- Directed by: Bill Duke
- Screenplay by: Ned Bowman Joyce Renee Lewis Michael Ricigliano Jr. Thada Catalon
- Produced by: Thada Catalon
- Starring: Lou Diamond Phillips Aaron Tveit Edy Ganem
- Cinematography: Steven Parker
- Edited by: Cari Coughlin
- Music by: Kurt Farquhar
- Production companies: Created Equal Productions T-CAT Films
- Distributed by: Vision Films
- Release date: June 15, 2017 (ABFF);
- Running time: 91 minutes
- Country: United States
- Language: English
- Budget: $1.6 million

= Created Equal (film) =

Created Equal is a 2017 legal drama film directed by Bill Duke.
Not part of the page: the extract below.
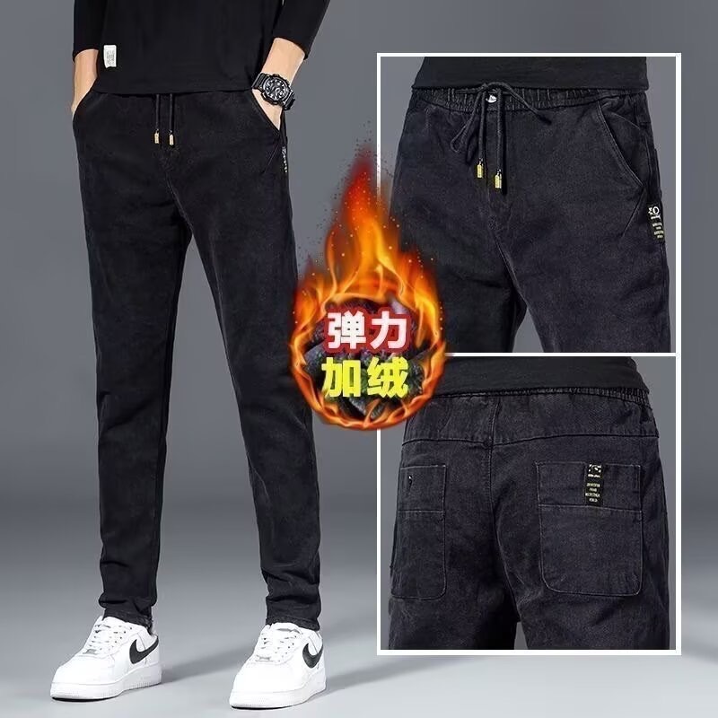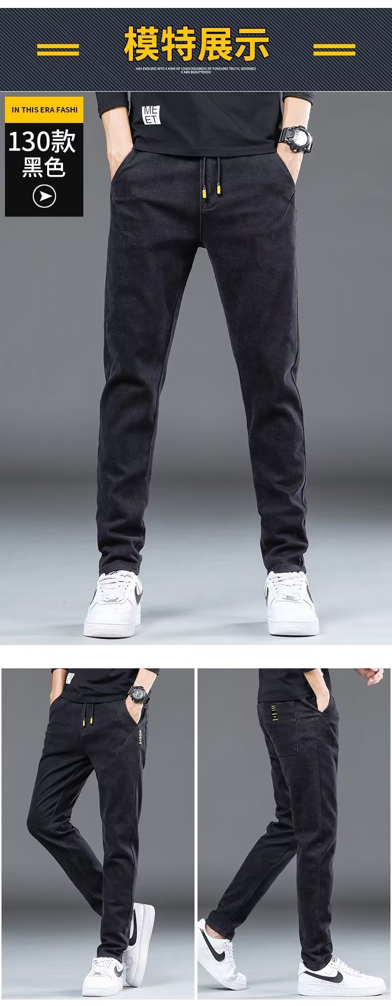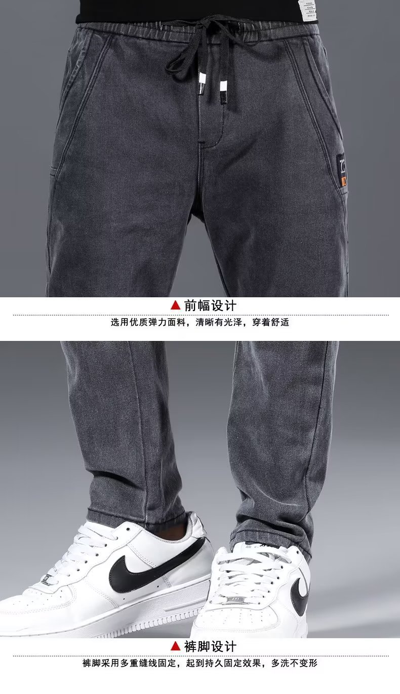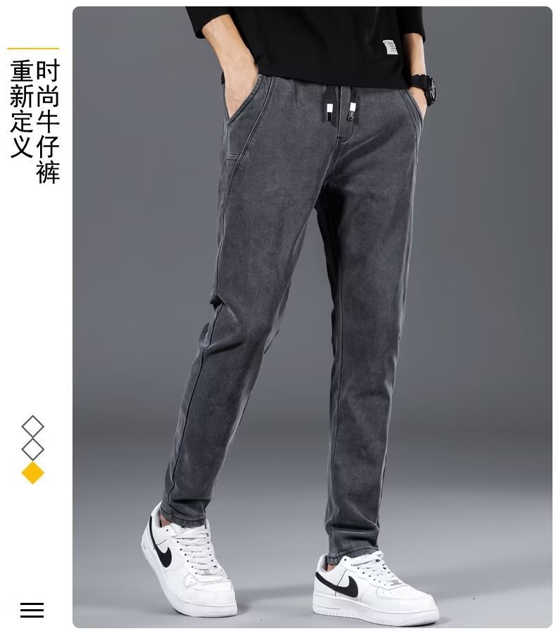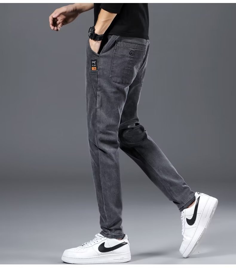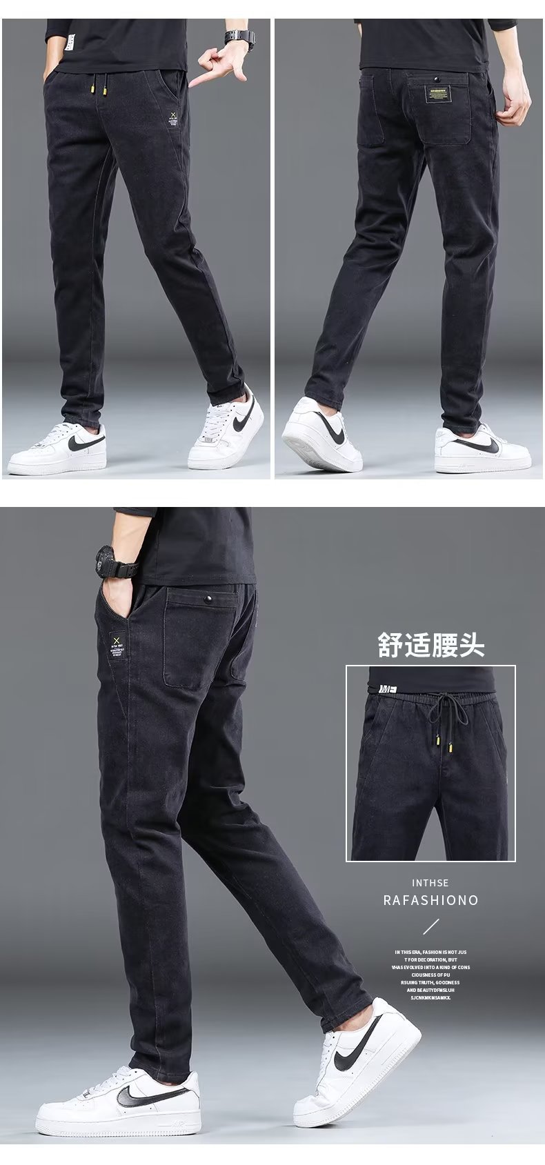 탄성 허리 청바지 남자의 봄과 가을 새로운 2024 새로운 느슨한 스트레이트 캐주얼 남자의 긴 바지스토어 가기
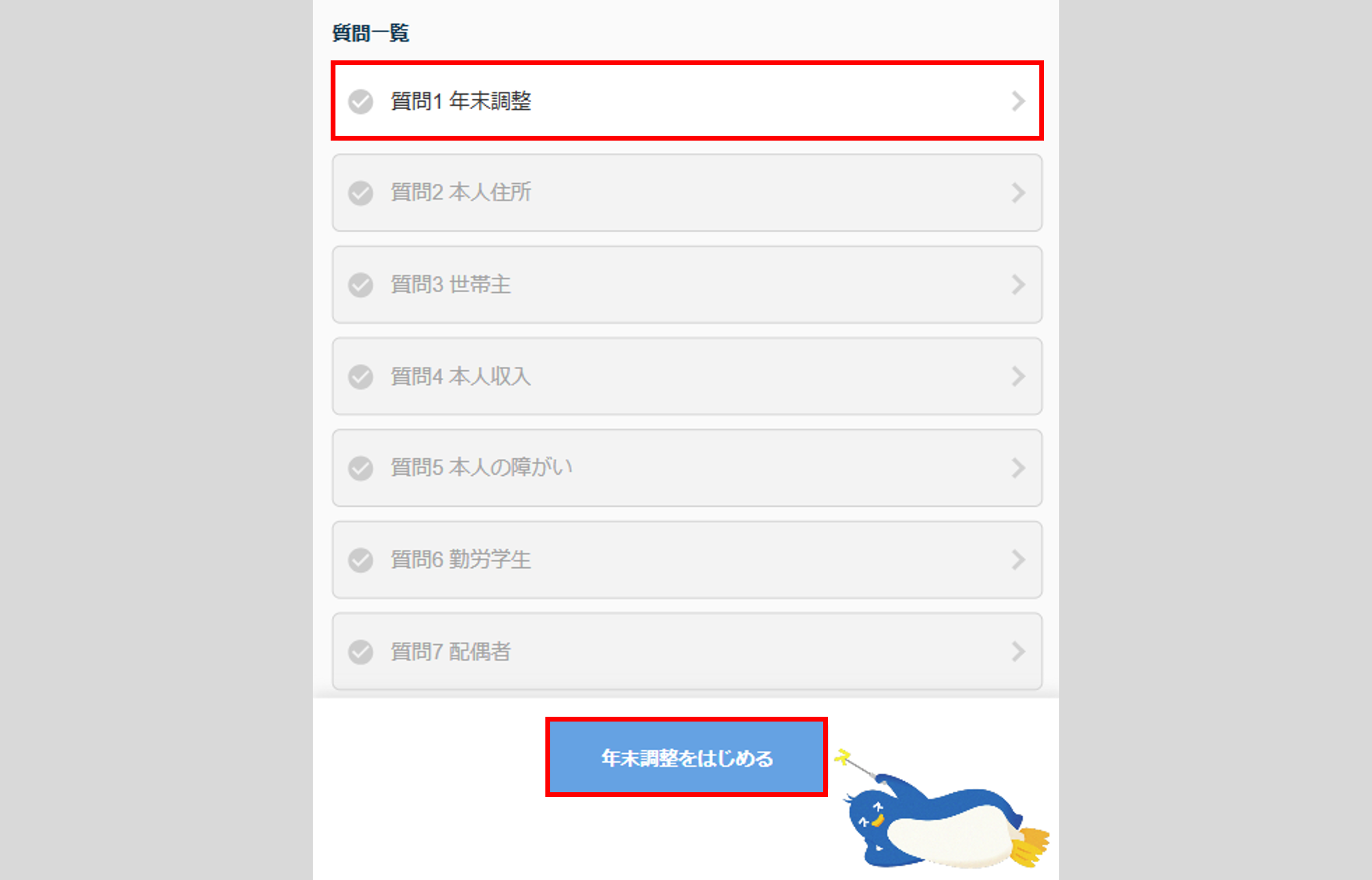 [質問1 年末調整]または、画面下部の[年末調整をはじめる]をクリックし、回答を開始します。

It was shown at several festivals in 2017 before being released in the United States on January 16, 2018.

==Plot==
A woman attempting to become a priest solicits the help of a young attorney to sue the Archdiocese of New Orleans for sex discrimination.

==Cast==

- Lou Diamond Phillips as Monsignor Renzulli
- Aaron Tveit as Tommy Reilly
- Gregory Alan Williams as Judge Watford
- Edy Ganem as Alejandra Batista

==Production==
Production began in 2016.

==Release==
The film premiered at the American Black Film Festival at 4:00 p.m. on June 15, 2017, before being released in the United States on January 16, 2018.